Wilson (Craig Johnson, 2017)

Benditos desgraciados

Daniel Clowes es uno de esos dibujantes de cómic que ha conseguido desarrollar un estilo propio con marcas autorales tan definidas que es fácil reconocerle solo viendo una de sus viñetas. Lógicamente, no es el único autor de cómic que lo ha conseguido. Sin embargo, sí que hay algo más de mérito y excepcionalidad en el hecho de que las adaptaciones cinematográficas de sus trabajos sean capaces de trasladar esas marcas desde la página hasta la pantalla, hasta el punto que, con ver una imagen, se intuye la presencia de Clowes en la producción. Sus dos primeros trabajos adaptados, Ghost World (2001) y Art School Confidential (2006) corrieron a cargo del mismo director, Terry Zwigoff, por lo que podía presumirse que la «estética Clowes cinematográfica» era fruto de una fuerte comunión entre el tándem Zwigoff-Clowes. Esta presunción se desmonta cuando, ahora, aparece el tercer trabajo adaptado del dibujante, Wilson, y en la dirección ya no figura Zwigoff, sino Craig Johnson (The Skeleton Twins, True Adolescents)[1], pero la esencia de las viñetas de Clowes sigue estando intacta.

Wilson, protagonizada por Woody Harrelson, es la historia de uno de esos personajes cuyo maltrato de las convenciones sociales convierte en un auténtico bicho raro. La aburrida y desdichada vida de Wilson se altera cuando se reencuentra con su ex-mujer, Pippi (Laura Dern), y esta le confiesa que no abortó el bebé que ambos esperaban hace diecisiete años. Dio a luz y entregó a la niña en adopción: Wilson es padre y quiere conocer a su hija.

Muchos pueden apresurarse a tildar a Wilson de misántropo o asocial, cuando lo que le confiere el punto peculiar de su personalidad es, curiosamente, ser tan social que no respeta los límites establecidos en las relaciones interpersonales, algo especialmente molesto para una cultura como la estadounidense, en la que esos límites son especialmente marcados e importantes: habla con desconocidos, inicia conversaciones con gente que lee, escucha música o mira el ordenador, o se pone al lado de otro hombre en unos servicios públicos y habla sobre ello. En cualquier caso, Wilson es un personaje repudiado de entrada que, sin embargo, logra obtener su sitio en la vida de los demás a través de una personalidad que, aunque torpe y molesta, denota una nobleza excepcional.

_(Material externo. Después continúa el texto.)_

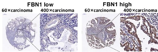 Immunohistochemistry: Human esophageal carcinoma and paired para-carcinoma stained with ARG66654 anti-Fibrillin 1 antibody.
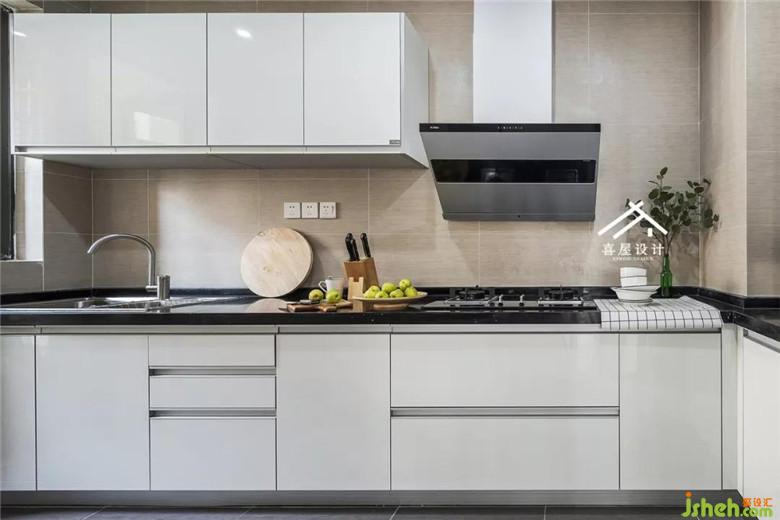 廚房以干凈整潔好收納為主,室內(nèi)設(shè)計(jì)師做了隱形拉手,使得整體觀感更加協(xié)調(diào)。

La construcción de este personaje es de vital importancia, no en vano las tiras cómicas y la película llevan su nombre. Clowes se encuentra cómodo —especialmente en este caso— creando historias mixtas entre aquella división de “tramas” y “personajes”: no estamos ante el soberbio Paterson (2016) de Jarmusch —aunque ambos protagonistas comparten una importante cantidad de parecidos—, en el que se pone en juego la supervivencia de un conductor de autobuses a través de la rutina. Tampoco estamos ante el Kong: la isla calavera (2017) de Vogt-Roberts, en el que la acción se sucede sin descanso y los personajes quedan relegados a elementos accesorios y casi planos. Wilson se mueve en ese medio camino entre los personajes fuertes que centran la atención en cómo sus personalidades se adaptan al entorno, y los giros de guión que les colocan como protagonistas de sucesos alejados de la cotidianidad.

La esencia de Wilson es la desgracia. Todos los personajes, incluso los que aparecen con vidas teóricamente satisfactorias, son unos desgraciados, y donde los habitantes de Paterson tenían que pelearse con la rutina, los compañeros de aventuras de Wilson deben hacerlo con la desdicha. “No siempre seremos unos desgraciados”, dice la espectacular Laura Dern en un momento determinado. Parece que Clowes ha sido más benevolente trabajando con Johnson que cuando lo hacía con los rotuladores, y, al final, sí que hay algo de esa redención que en el cómic no queda tan clara. Sea como fuere, el potencial de Wilson es sumergirte y aprender a vivir —conformismos a parte— en un mundo en el que, probablemente, siempre seas un desgraciado.

[1] Films de 2014 y 2009, respectivamente.